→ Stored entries

-----

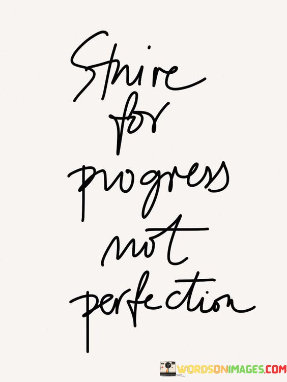The statement promotes the idea of valuing personal growth over unrealistic ideals. It implies that aiming for progress acknowledges the journey of improvement and learning. By recognizing the value of incremental steps, individuals can cultivate a mindset that fosters self-acceptance and resilience.
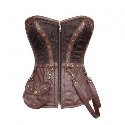 Note: Heavy Duty Authentic Steel Boned Overbust Steampunk Corset with belt and bag pockets
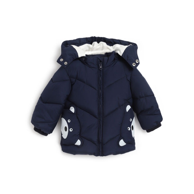 Giubbotto in tessuto tecnico blu, tasche con applicazioni a forma di orso ed elastico inserito ai bordi dei polsi.
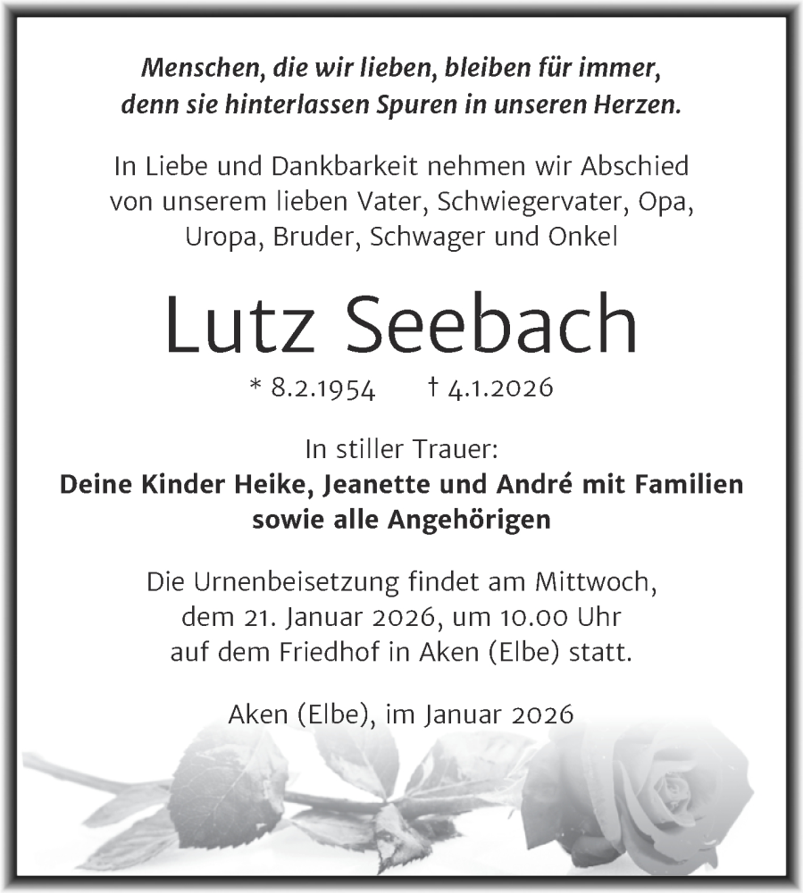 Hier finden Sie alle Traueranzeigen aus der Zeitung, die bisher für Lutz Seebach erschienen sind. Weitere Traueranzeigen, die in der Zeitung erscheinen, werden hier ebenfalls aufgelistet
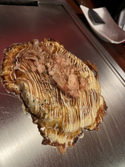 有楽町駅から近く、高架下とは思えないモダンで落ち着いた雰囲気のお店。看板メニューの「パチパチ焼」は、山芋たっぷりの生地がふわふわで、具材の旨味が凝縮されています。お好み焼きだけでなく、鉄板焼きの海鮮や...
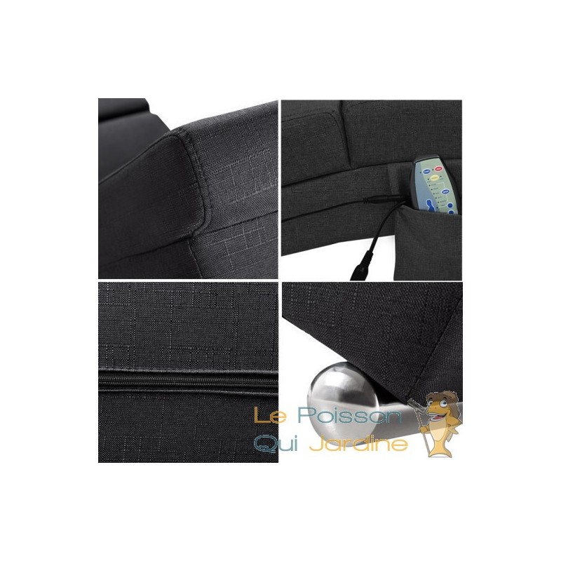 Doté de 8 points de massage et de 5 modes de massages différents, tous ajustables sur deux niveaux d'intensité, vous pouvez profiter d'un massage apaisant sur tout votre corps. Idéal pour vous détendre, surtout en hiver, la fonction de chauffage réchauffe vos muscles et vous enveloppe d'une chaleur apaisante. Vous pouvez régler une minuterie pour que la chaise longue s'éteigne automatiquement après une période de temps prédéfinie.
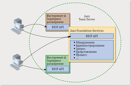 Ядром Jazz является платформа Jazz Foundation, объединяющая сервер Jazz Team Server и ряд дополнительных модулей интеграции. Jazz Team Server демонстрирует новый для ALM подход к интеграции компонентов для разных этапов жизненного цикла (рис. 3). Если традиционно такая интеграция базировалась на точечной связи между отдельными продуктами, то в Jazz реализована открытая распределенная сервисная архитектура на базе стандарта REST, которая обеспечивает простое взаимодействие инструментальных компонентов между собой (своего рода ALM Web). Интерфейс RESTful позволяет представлять в виде сервисов данные и функциональность разнообразных модулей. Использование подхода на базе стандартов Web обеспечивает хорошую масштабируемость Jazz, делая платформу универсальным решением, способным поддерживать задачи ALM в небольших командах и в крупных коллективах разработчиков.
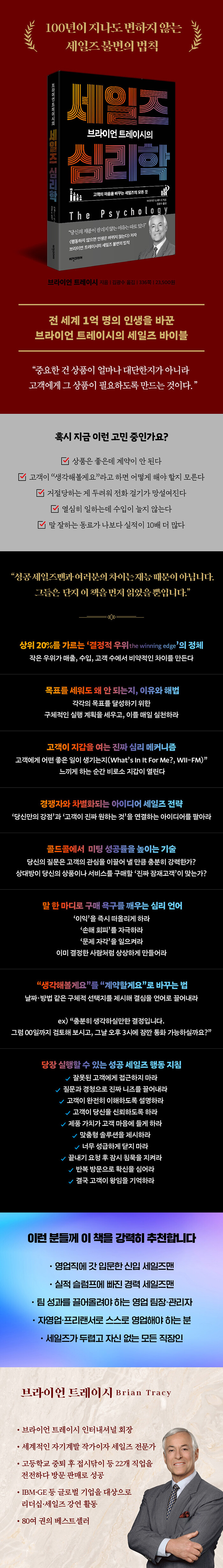 출간된 지 20여 년이 지났지만, 이 책이 여전히 전 세계 세일즈맨들의 필독서로 꼽히는 이유는 분명하다. 고객의 마음을 먼저 이해하고, 그들이 ‘필요를 느끼도록’ 만드는 세일즈불변의 법칙을 다루기 때문이다. 《브라이언 트레이시의 세일즈 심리학》은 초보자에게는 기본기를, 성과 정체에 부딪힌 숙련자에게는 돌파의 실마리를, 조직의 리더에게는 팀 성과를 이끄는 프레임을 제공하면서, 숫자 뒤에 숨은 심리를 읽는 통찰을 통해 목표 달성 확률을 높이고, 지속 가능한 성과를 만들어내는 세일즈 성공 전략을 소개한다.
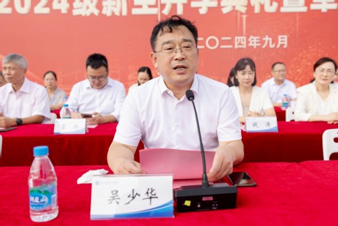 秋光為序,筑夢啟航。9月30日上午,我校舉行2024級新生開學典禮暨軍訓動員大會。校領導馬延文、吳少華、劉曉、魏影、蘇華,校軍訓團團長、中國人民解放軍31604部隊教導員湯玨,各職能部門負責人,各教學單位黨政領導、軍訓教官代表、新生班級輔導員、班主任和全體2024級新生齊聚田徑場,共同見證這一青春夢想的啟程。典禮由校黨委副書記、副院長吳少華主持。
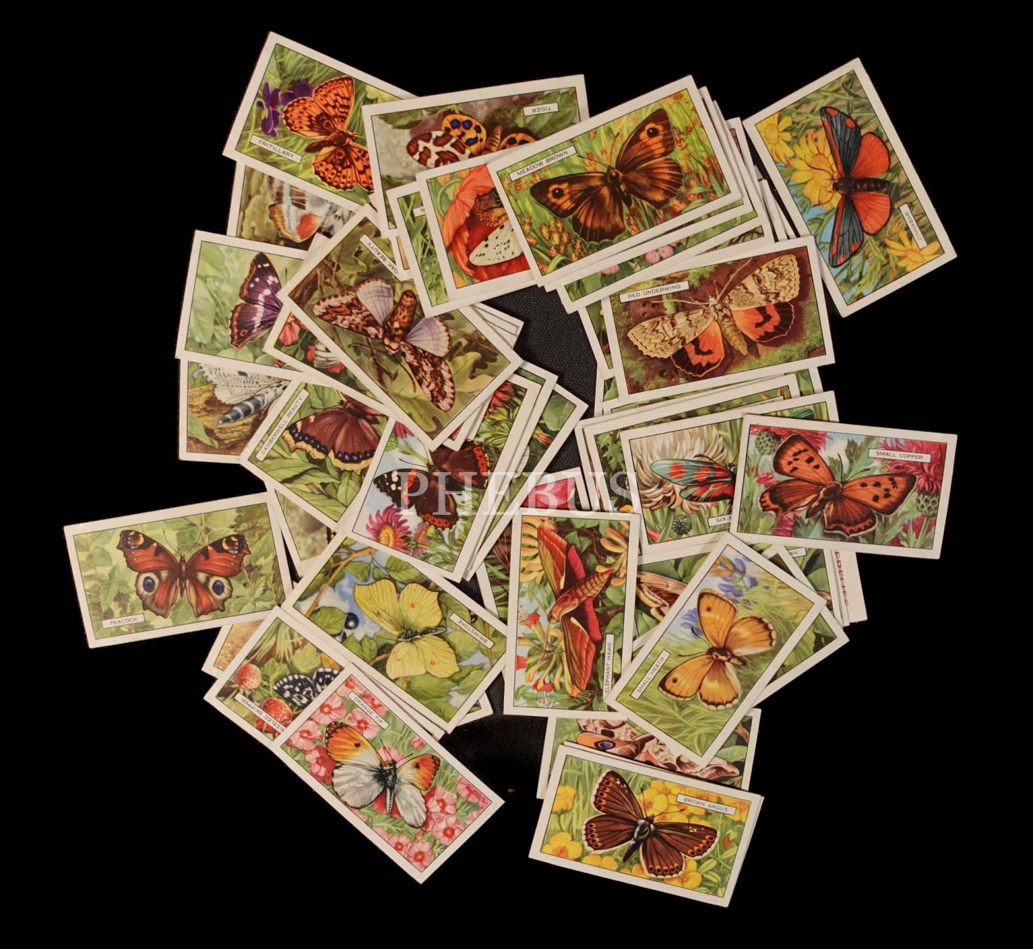 "Gallaher Ltd." markasının yayımladığı, 19. yüzyıl başlarında sigara paketlerinin içinden çıkan ve kelebekleri konu alan 48 adet sigara kağıdı, "Butterflies an Moths", 4x7 cm...

-----

→ Problem to solve
Could you repeat all of the entries exactly, without the pictures?

→ Exercise response
The statement promotes the idea of valuing personal growth over unrealistic ideals. It implies that aiming for progress acknowledges the journey of improvement and learning. By recognizing the value of incremental steps, individuals can cultivate a mindset that fosters self-acceptance and resilience.
 Note: Heavy Duty Authentic Steel Boned Overbust Steampunk Corset with belt and bag pockets
 Giubbotto in tessuto tecnico blu, tasche con applicazioni a forma di orso ed elastico inserito ai bordi dei polsi.
 Hier finden Sie alle Traueranzeigen aus der Zeitung, die bisher für Lutz Seebach erschienen sind. Weitere Traueranzeigen, die in der Zeitung erscheinen, werden hier ebenfalls aufgelistet
 有楽町駅から近く、高架下とは思えないモダンで落ち着いた雰囲気のお店。看板メニューの「パチパチ焼」は、山芋たっぷりの生地がふわふわで、具材の旨味が凝縮されています。お好み焼きだけでなく、鉄板焼きの海鮮や...
 Doté de 8 points de massage et de 5 modes de massages différents, tous ajustables sur deux niveaux d'intensité, vous pouvez profiter d'un massage apaisant sur tout votre corps. Idéal pour vous détendre, surtout en hiver, la fonction de chauffage réchauffe vos muscles et vous enveloppe d'une chaleur apaisante. Vous pouvez régler une minuterie pour que la chaise longue s'éteigne automatiquement après une période de temps prédéfinie.
 Ядром Jazz является платформа Jazz Foundation, объединяющая сервер Jazz Team Server и ряд дополнительных модулей интеграции. Jazz Team Server демонстрирует новый для ALM подход к интеграции компонентов для разных этапов жизненного цикла (рис. 3). Если традиционно такая интеграция базировалась на точечной связи между отдельными продуктами, то в Jazz реализована открытая распределенная сервисная архитектура на базе стандарта REST, которая обеспечивает простое взаимодействие инструментальных компонентов между собой (своего рода ALM Web). Интерфейс RESTful позволяет представлять в виде сервисов данные и функциональность разнообразных модулей. Использование подхода на базе стандартов Web обеспечивает хорошую масштабируемость Jazz, делая платформу универсальным решением, способным поддерживать задачи ALM в небольших командах и в крупных коллективах разработчиков.
 출간된 지 20여 년이 지났지만, 이 책이 여전히 전 세계 세일즈맨들의 필독서로 꼽히는 이유는 분명하다. 고객의 마음을 먼저 이해하고, 그들이 ‘필요를 느끼도록’ 만드는 세일즈불변의 법칙을 다루기 때문이다. 《브라이언 트레이시의 세일즈 심리학》은 초보자에게는 기본기를, 성과 정체에 부딪힌 숙련자에게는 돌파의 실마리를, 조직의 리더에게는 팀 성과를 이끄는 프레임을 제공하면서, 숫자 뒤에 숨은 심리를 읽는 통찰을 통해 목표 달성 확률을 높이고, 지속 가능한 성과를 만들어내는 세일즈 성공 전략을 소개한다.
 秋光為序,筑夢啟航。9月30日上午,我校舉行2024級新生開學典禮暨軍訓動員大會。校領導馬延文、吳少華、劉曉、魏影、蘇華,校軍訓團團長、中國人民解放軍31604部隊教導員湯玨,各職能部門負責人,各教學單位黨政領導、軍訓教官代表、新生班級輔導員、班主任和全體2024級新生齊聚田徑場,共同見證這一青春夢想的啟程。典禮由校黨委副書記、副院長吳少華主持。
 "Gallaher Ltd." markasının yayımladığı, 19. yüzyıl başlarında sigara paketlerinin içinden çıkan ve kelebekleri konu alan 48 adet sigara kağıdı, "Butterflies an Moths", 4x7 cm...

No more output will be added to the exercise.